An international research consortium plans to catalog genetic alterations in 50 different types of cancer in what amounts to be the largest human genome resequencing project launched to date.
The International Cancer Genome Consortium, which launched this week, was created to serve as an umbrella for existing and future cancer genome projects worldwide.
Over the next decade or so, the group will use new sequencing technologies and other molecular tools to comprehensively analyze approximately 25,000 cancer genome samples for a total estimated cost of $1 billion, and to make the data publicly available.
“It’s very much the next-generation sequencing technologies which are driving this consortium …, which we could not even imagine three years ago” because of the prohibitive cost, said Tom Hudson, president and scientific director of the Ontario Institute for Cancer Research in Toronto, which serves as the ICGC’s headquarters.
Current members hail from North America, China, Singapore, Japan, the European Union, Australia, and India. Members fund the projects they contribute to the consortium.

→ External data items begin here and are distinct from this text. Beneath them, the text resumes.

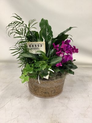 This is not as full as the picture and I guess when the flower bloom it will have some color like the picture we liked the darker pot.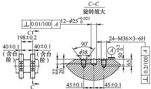 (1)圖樣分析。圖樣要求在曲軸安裝面上加工M36×3—6H、鉆深65mm、攻深50mm的螺紋孔,并在孔口倒夾角為90°的角,要求螺紋孔的中心線與安裝面的垂直度在0.002mm以內(nèi),加工φ25+0.021 +0mm的銷子孔,銷子孔鉆深22mm、鏜深20mm,要求銷子孔的中心線與安裝面的垂直度在0.000 1mm以內(nèi),其安裝面上的孔與平衡塊上的孔是通過定位銷和螺栓聯(lián)接相互配合裝配的,某曲軸安裝面孔的結(jié)構(gòu)尺寸如圖1所示。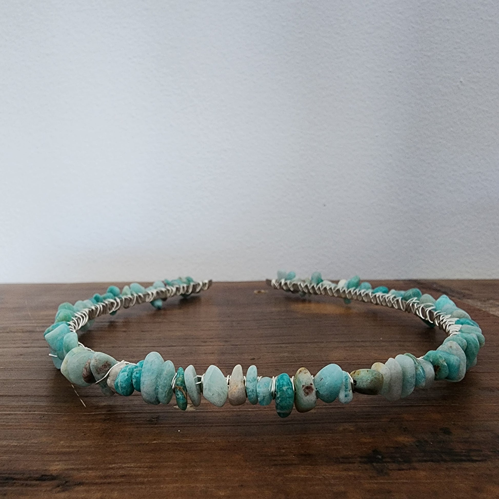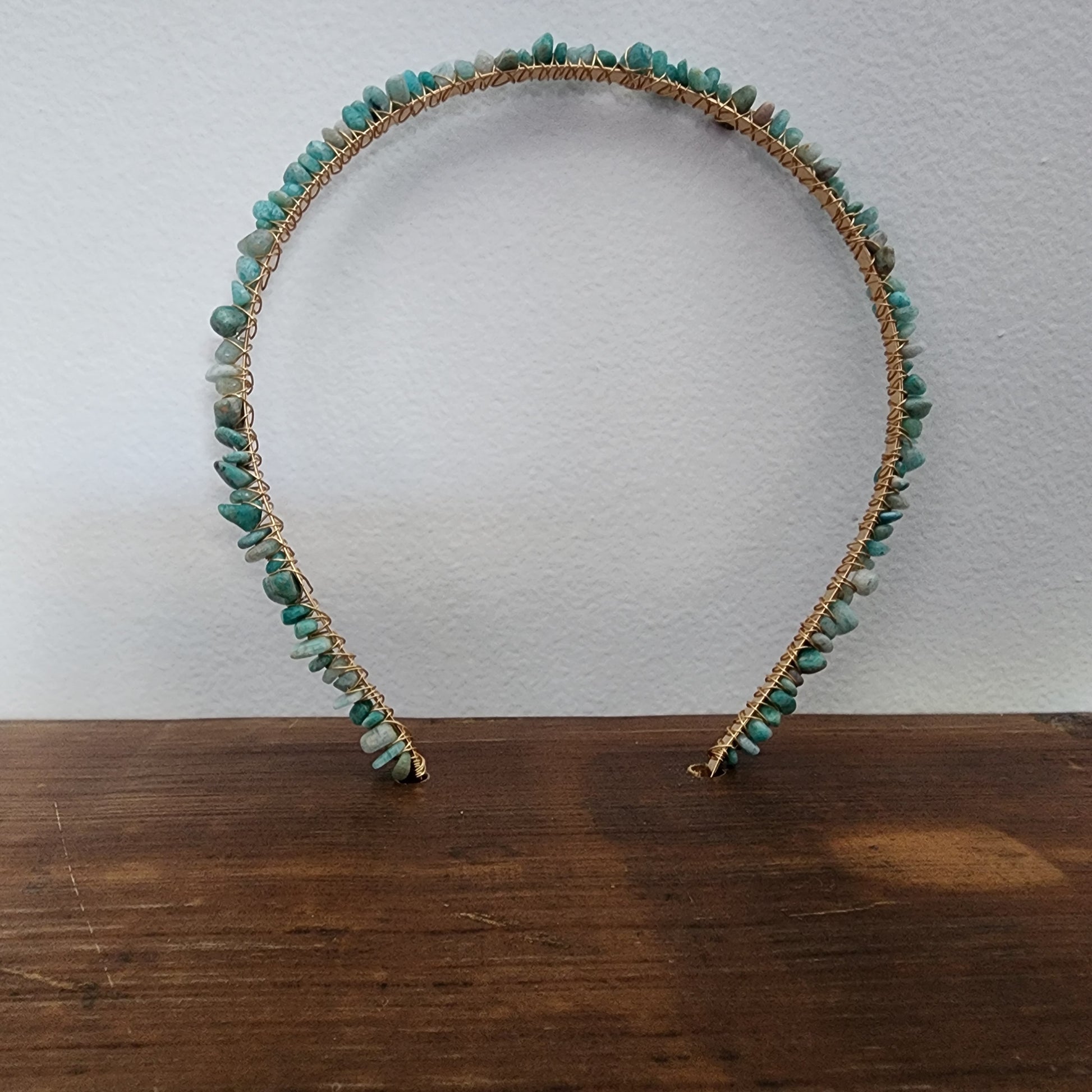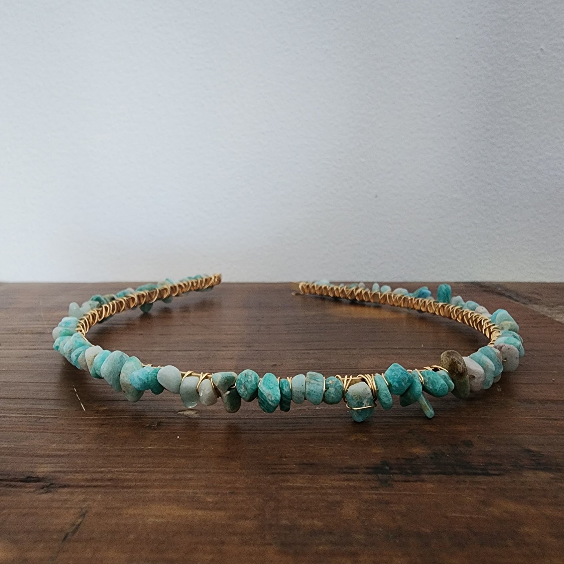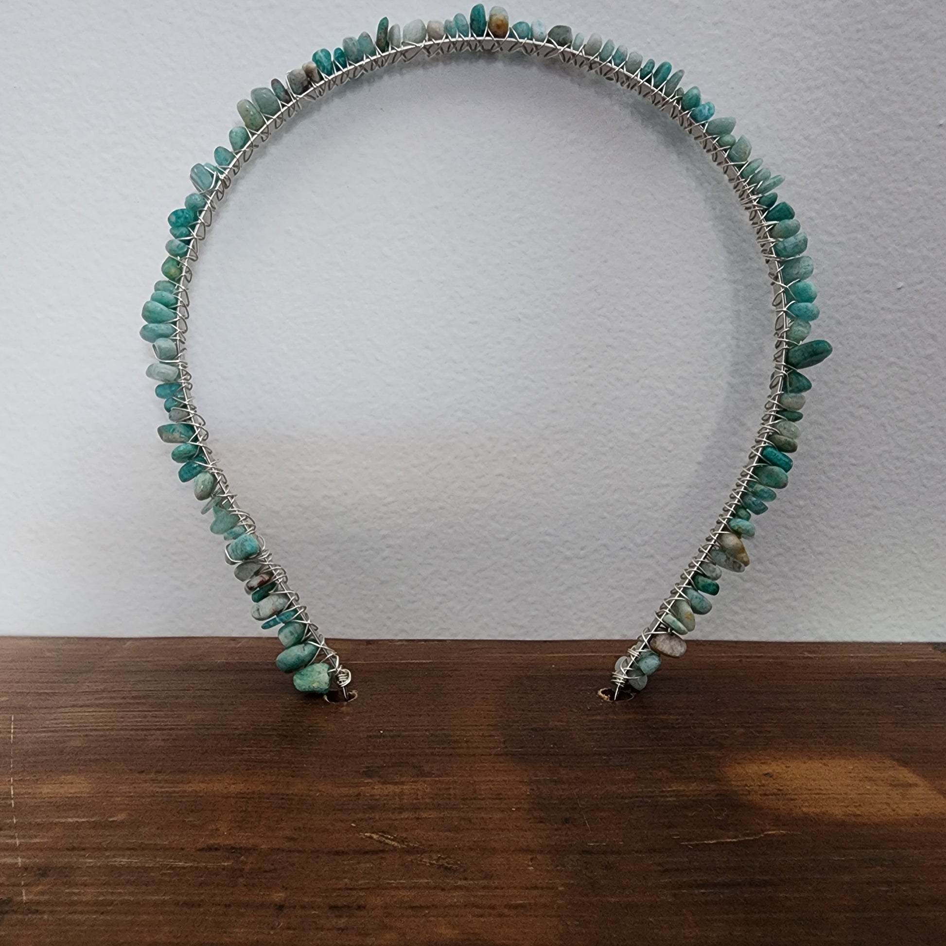 Reveal your honest beauty and self-confidence with this headband made from wire wrapped amazonite gemstones on a flexible headband. The combination of this headband makes it comfortable to wear every day while being elegant enough to dress up any look.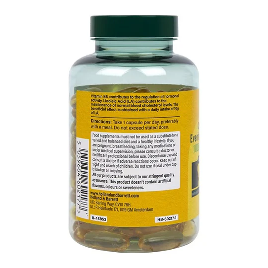 Holland & Barrett Evening Primrose Oil 1000mg Capsules is a powerful natural wellness supplement enriched with vitamin B6 and vitamin E – designed to support hormonal balance, skin health, and reduce fatigue. Extracted using cold-press technology for maximum purity, each capsule delivers consistent results backed by science.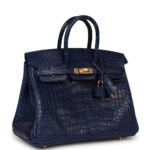 Hermes Birkin 25 Bleu Royal Matte Porosus Crocodile Gold Hardware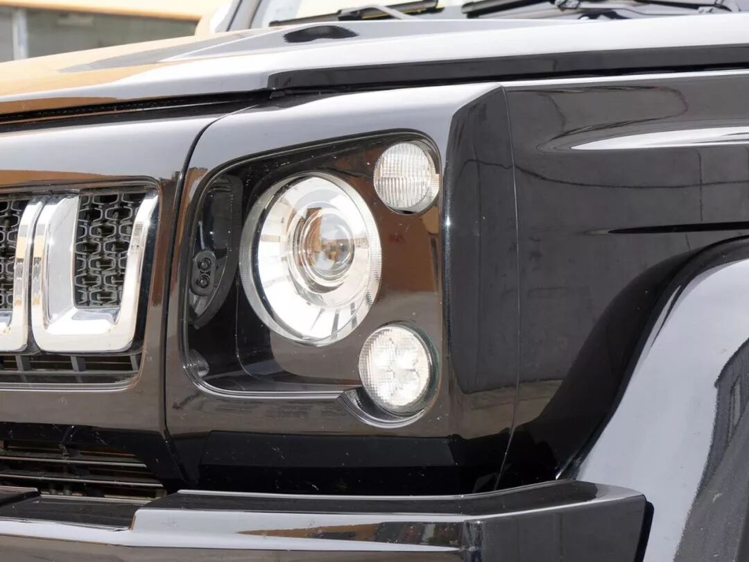从前脸说起比如车头灯的部分,但在这里BJ80并没有模仿奔驰G,而是找来了另一个效仿的对象——经典卫士,并且“自作聪明”的BJ80还将黄色转向灯和白色的车灯调换了位置。除此之外整个前脸的中网也有所差异,当然啦这些都是可以通过后期的更换以达到以假乱真的效果。

“It’s a very ambitious project,” ICGC member Mike Stratton, deputy director of the Wellcome Trust Sanger Institute and head of the institute’s Cancer Genome Project, told In Sequence this week “There will never have been a sample collection in cancer as big as this one will be in its aggregate.”

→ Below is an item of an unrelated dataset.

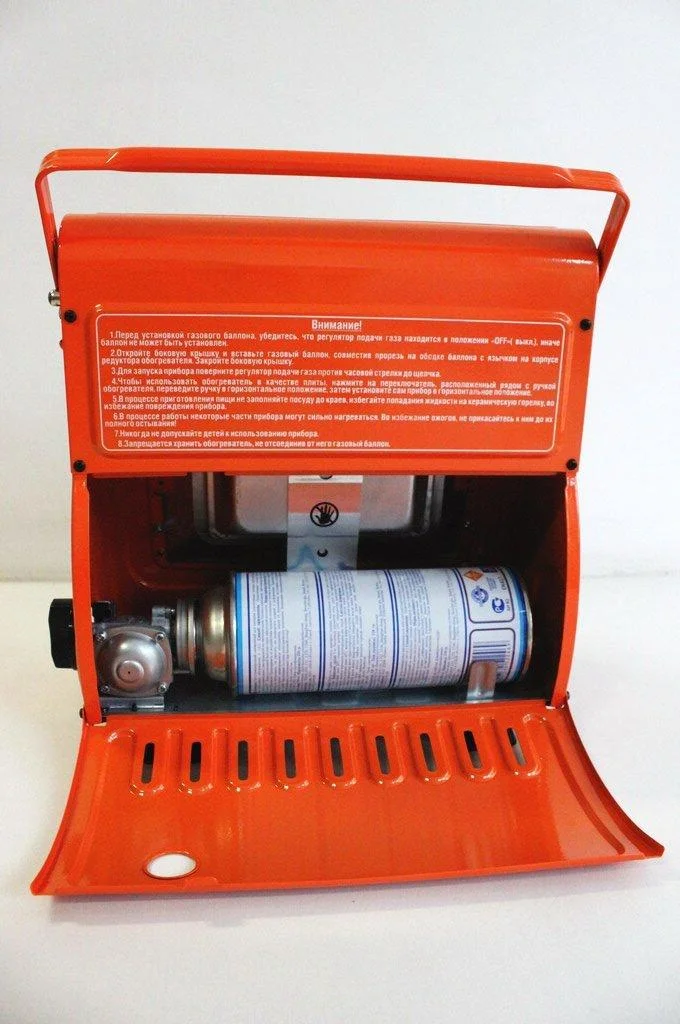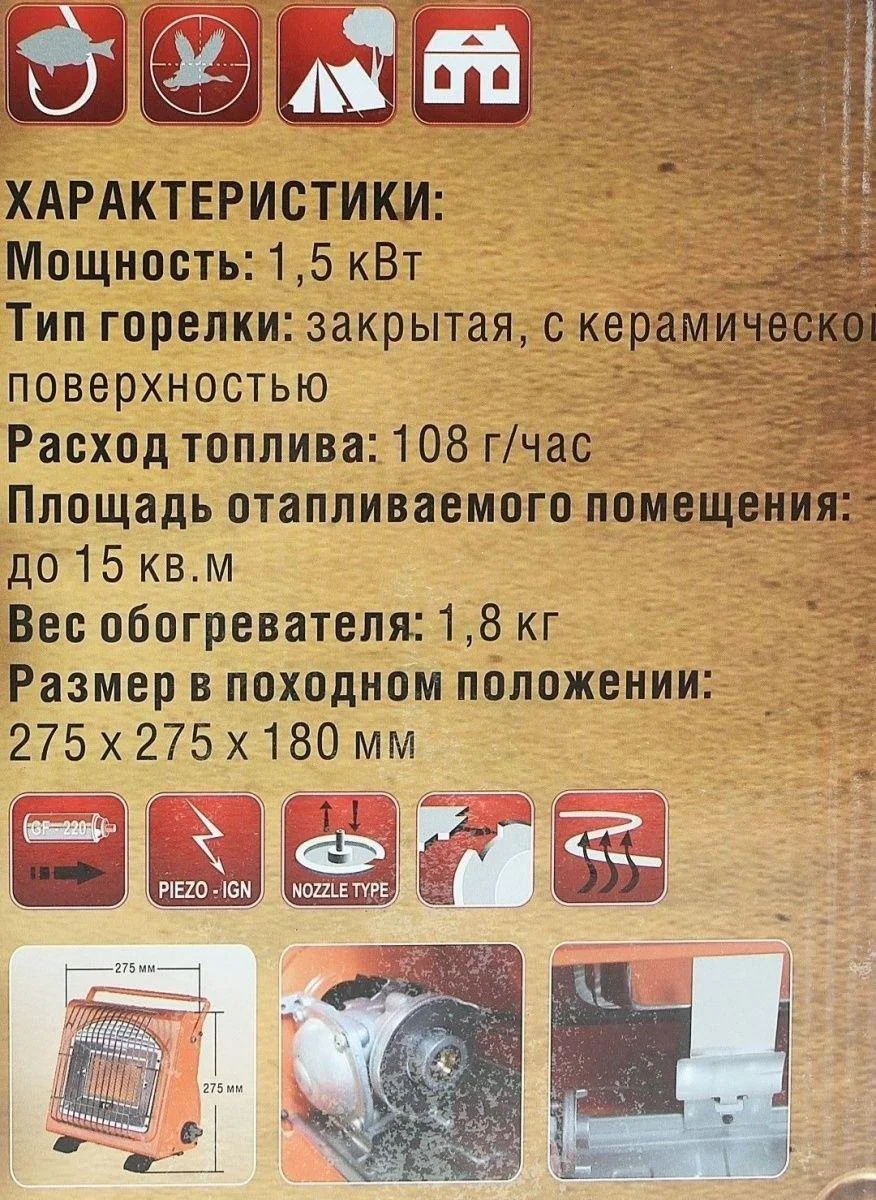 Площадь отапливаемого помещения до 15 кв.м, можно использовать для приготовления пищи. Для питания обогревателя используются газовые смеси в баллонах с клапаном нажимного типа и цанговым захватом (220 г).

Projects like the Sanger’s Cancer Genome Project or the US National Institute of Health’s Cancer Genome Atlas will continue their work but will contribute their data to the ICGC and adhere to its mandates, according to the consortium.

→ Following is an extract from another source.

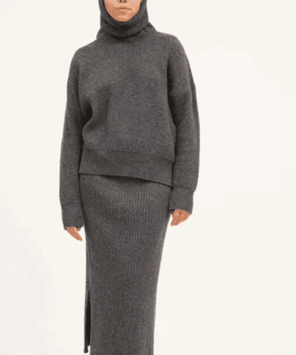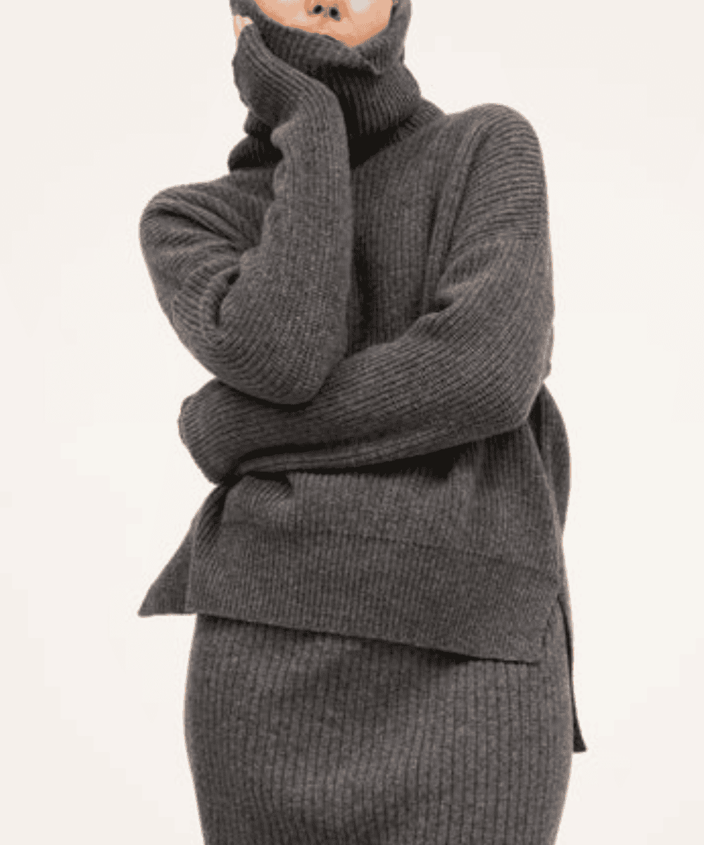 Uno de los rasgos distintivos de este jersey roller gris es su textura acanalada, que dibuja pequeñas “espigas” típicas de este tipo de tricot. Este relieve aporta dinamismo visual a la prenda y le confiere ese aire sofisticado pero informal que encaja a la perfección con el estilo urbano y relajado que tanto se lleva. Las aberturas laterales en el bajo, sutiles y muy prácticas, permiten que el tejido se adapte mejor al cuerpo sin perder su caída natural, aportando libertad de movimiento y un toque moderno al diseño.

“TCGA will continue to operate independently but participate through their data and through their participation in the executive committee of ICGC,” Brad Ozenberger, a program director at the National Human Genome Research Institute who is involved in the ICGC, told In Sequence.
The central aim of the consortium is to catalog genomic abnormalities, or somatic mutations, in 50 cancer types or subtypes, including SNPs, insertions, deletions, copy number changes, translocations, and other chromosomal rearrangements.
Its researchers will also generate gene-expression and DNA-methylation data for these samples, and will have the option to analyze other genomic components, such as the proteome or the metabolome.
To distinguish somatic from inherited sequence variations, the scientists will analyze tumors and matched non-cancerous tissue from the same patient.
The resulting data will need to meet quality standards set by the ICGC, and mutations should be determined at single-base resolution.
In order to discover genes that are mutated in 3 percent of cancers, researchers have to analyze approximately 500 specimens from every cancer type, at an estimated cost of about $20 million, or $40,000 per sample.
Though the ultimate goal of the ICGC is to sequence complete cancer genomes and their normal controls with high coverage, current high-throughput sequencing technologies do not yet allow researchers to do this at this price.
“We will be doing whole-genome sequencing at some point, when it becomes affordable,” Hudson said.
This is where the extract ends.